Autism siblings, now there is a group of people you rarely hear about. They are the forgotten Children of Autism.
If you have been reading my blog for any length of time you will know that I am passionate about autism awareness. As a mother of a 24-year-old autistic daughter. I have a great longing to help people understand and even marvel at the beauty of autism. I want to help people understand my daughter, treat her well, and see her as a gift!
Now here’s the rub…I have 5 other valuable and important children! Each one of them has gifts and talents and needs to be loved, valued, and protected.
Over the past 2o years in the autism community, I have witnessed the same problem over and over. It is a troubling trend, families with autism tend to focus only on the child with autism and not on the brothers and sisters. It can be horrible to stand by and watch a family ignore their other children and then to realize it is taking place in your family too! Autism sibling’s needs are brushed to the side to accommodate the most difficult member of the family. I am certain that most parents do not do this on purpose but rather are so overwhelmed by their difficult autistic child and are so burned out that they can’t even think straight!
I know, I have been there! I don’t write this post to say that our family has done it right all the time. We have not. It grieves me to say we have not! Our 5 other children have been asked to take second place more times than I can count.
I thought it might be helpful to hear
what it is like to have a sibling with autism.

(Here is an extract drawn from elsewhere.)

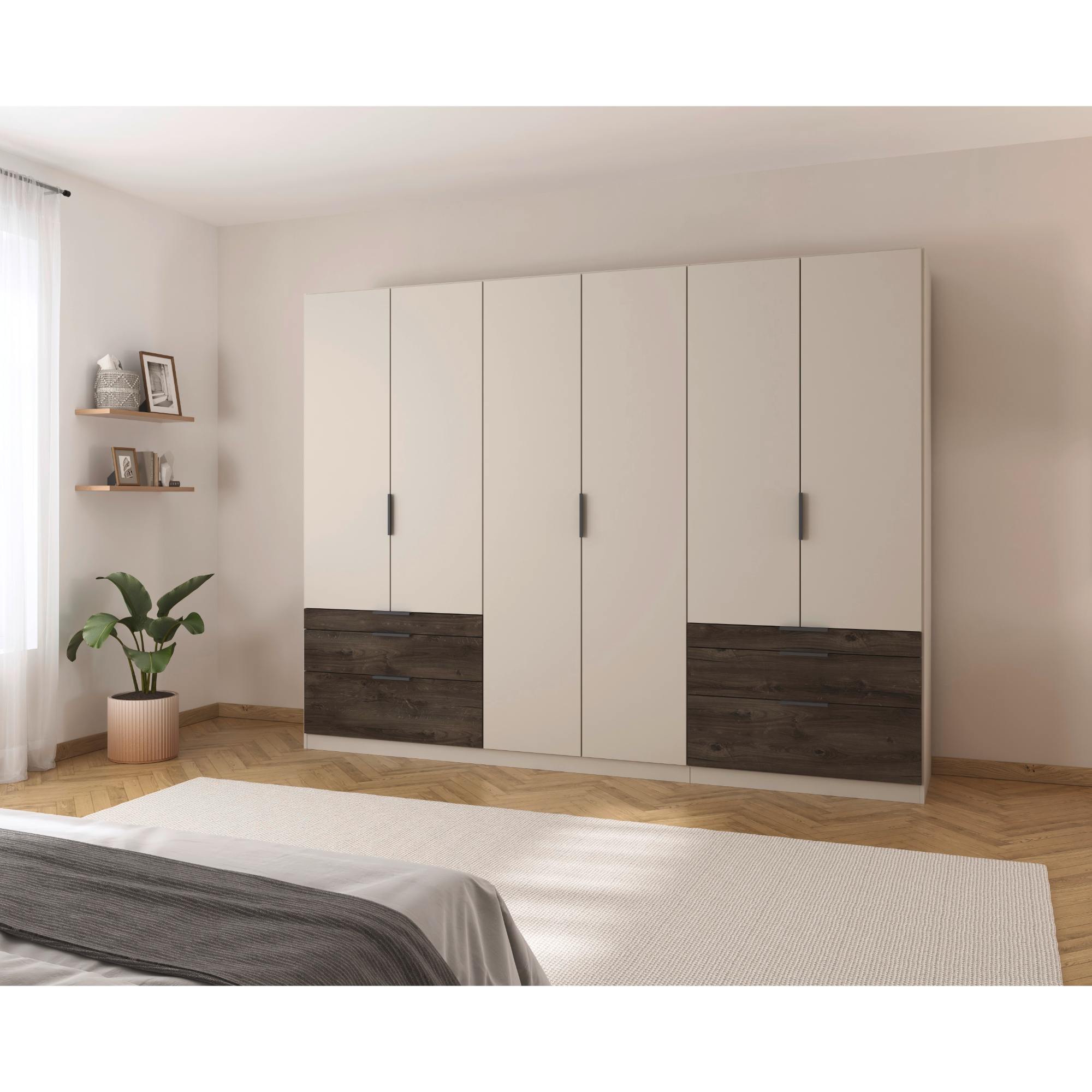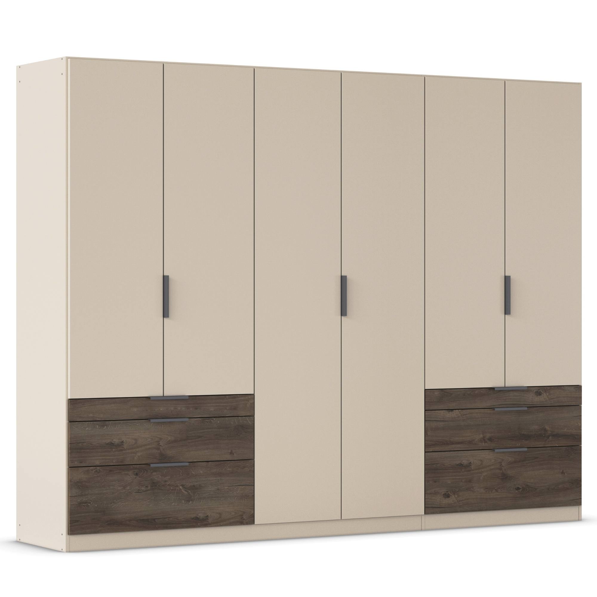 Skriňa je uzatvárateľná pomocou 6 otočných dverí, ktoré sú doplnené o rúčky na jednoduchšiu každodennú manipuláciu. Vnútorné vybavenie pozostáva celkom z 5 vložených políc a 3 šatníkových tyčí, ktoré si môžete voliteľne usporiadať. Využiť môžete tiež 6 priestranných zásuviek v spodnej časti konštrukcie. Skriňa je vyrobená z drevotriesky s povrchom nenáročným na údržbu.

It is important for people to understand that autism does not just affect one person. It affects everyone in the family, so the focus should not just be on the autistic child. It should be for the whole family. Carrie age 16
Autism does not define us but it does affect us all equally. Hannah age 22
It is very hard sometimes but sometimes it is nice. Sarah age 13
People think autism is about one person but it’s not. Fredy age 24
It’s a more frustrating friendship than usual. So, you cherish the times when you communicate effectively and pleasantly. Andrew Age 18
If you would like to read more about what my children have said about having an autistic sister, please read my book CHOSEN: One Family’s Journey with Autism. They wrote a chapter, it is unedited and enlightening!
As I reflect on my now grown family, look at their lives, and see that they are growing into godly, healthy well-adjusted adults. I am contemplating just how this took place, especially as autism siblings? I see that God in his infinite grace guided us to put into place a safety net of sorts,
Prioritizing Autism Siblings
1. Consistent prayer for our children.
2. Spend one on one time with each sibling at least once a week.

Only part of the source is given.